### [Task requirements]
Here the job is to print only the lines from the one containing "5、单选题 我国某中学建了一" to the end of the entries, both included, exactly as they stand, with pictures excluded.

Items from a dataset
_ _ _ _

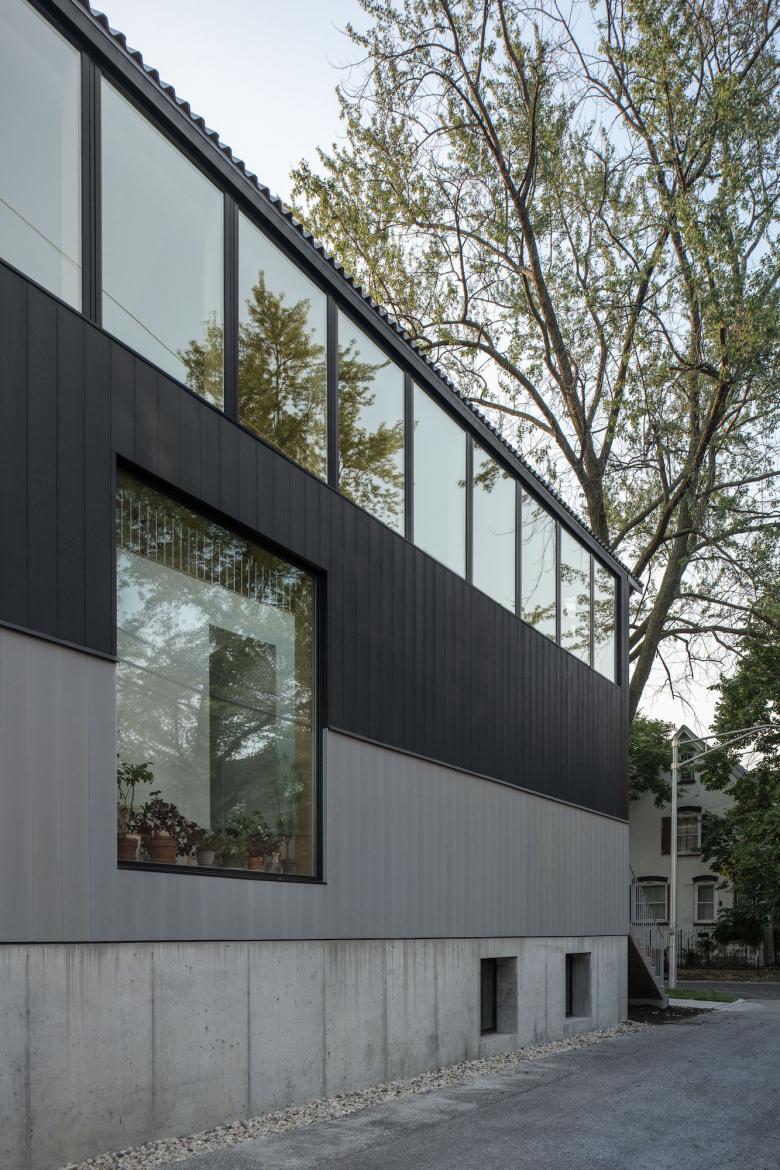 For this house bordering an alleyway on a traditional Chicago lot, Kwong Von Glinow flips the traditional residential section, arraying bedrooms on the first floor and living spaces on the second. This approach supports contemporary ways of living, emphasizing communal areas, interconnectivity, and flexible live-work spaces that receive ample natural light and engage the surrounding urban context.
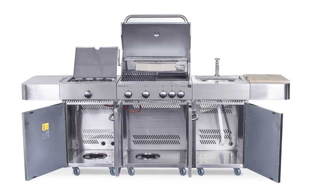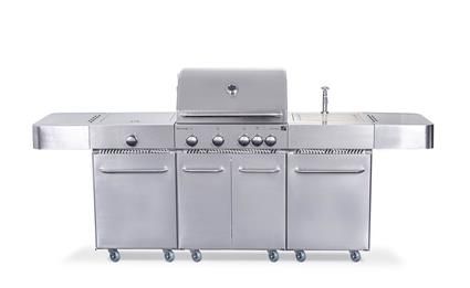G21 BBQ Arizona nie je len obyčajný gril, ale dokonalá záhradná kuchyňa, ktorej nič nechýba. Plynové horáky so systémom Flame Tamer, drez pre pohodlné oplachovanie riadu, priestranná pracovná plocha pre prípravu pokrmov i dokonale vyriešený úložný priestor.
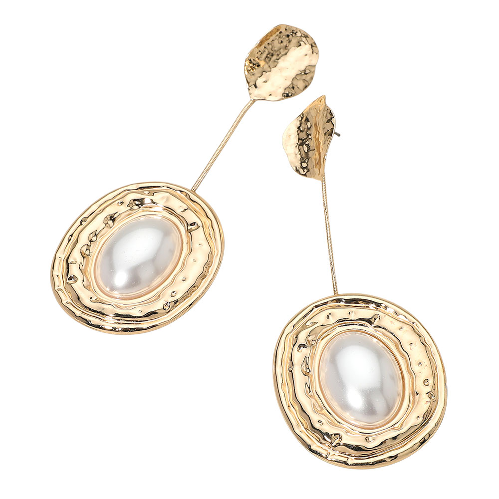 Details • Size : 1.4" X 4.8" • Post Back • Bold long drop statement earrings featuring hammered oval frames with a glossy center accent. Designed with an elegant elongated post detail, these fashion earrings add a modern artistic touch for standout, elevated styling. • Lead and Nickel Compliant
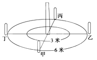 5、单选题 我国某中学建了一座太阳历广场,广场中间是6米高的雕像柱(如下图)。一年中大多数日子,正午影子投影朝丙方向,且影长从不超过6米的外圈。北京时间12:40是一天中雕像柱影子最短的时刻。据此回答下列各题。
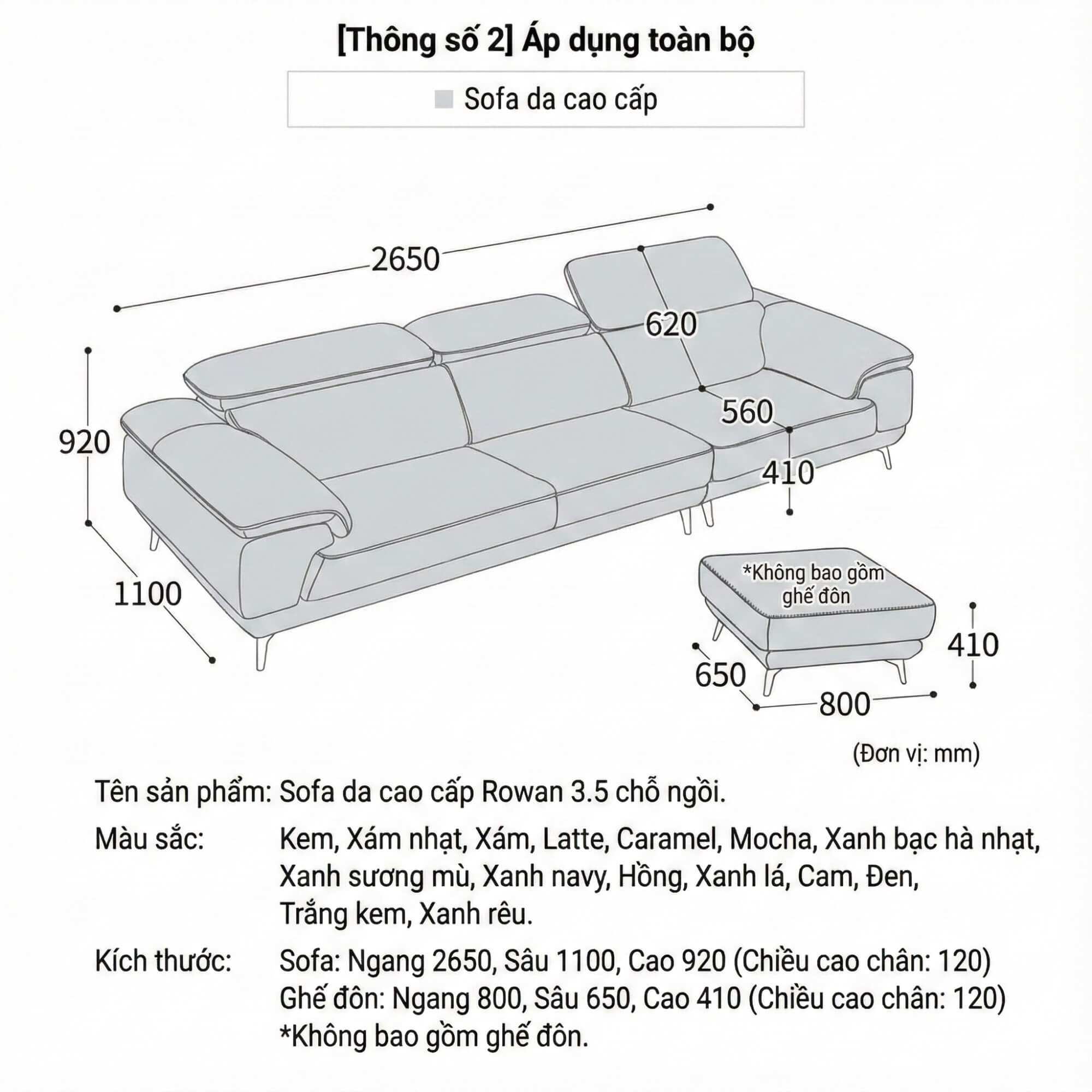 Ví dụ với mẫu Sofa ROWAN 3.5 chỗ ngồi:

_ _ _ _

### [Answer box]
 5、单选题 我国某中学建了一座太阳历广场,广场中间是6米高的雕像柱(如下图)。一年中大多数日子,正午影子投影朝丙方向,且影长从不超过6米的外圈。北京时间12:40是一天中雕像柱影子最短的时刻。据此回答下列各题。
 Ví dụ với mẫu Sofa ROWAN 3.5 chỗ ngồi:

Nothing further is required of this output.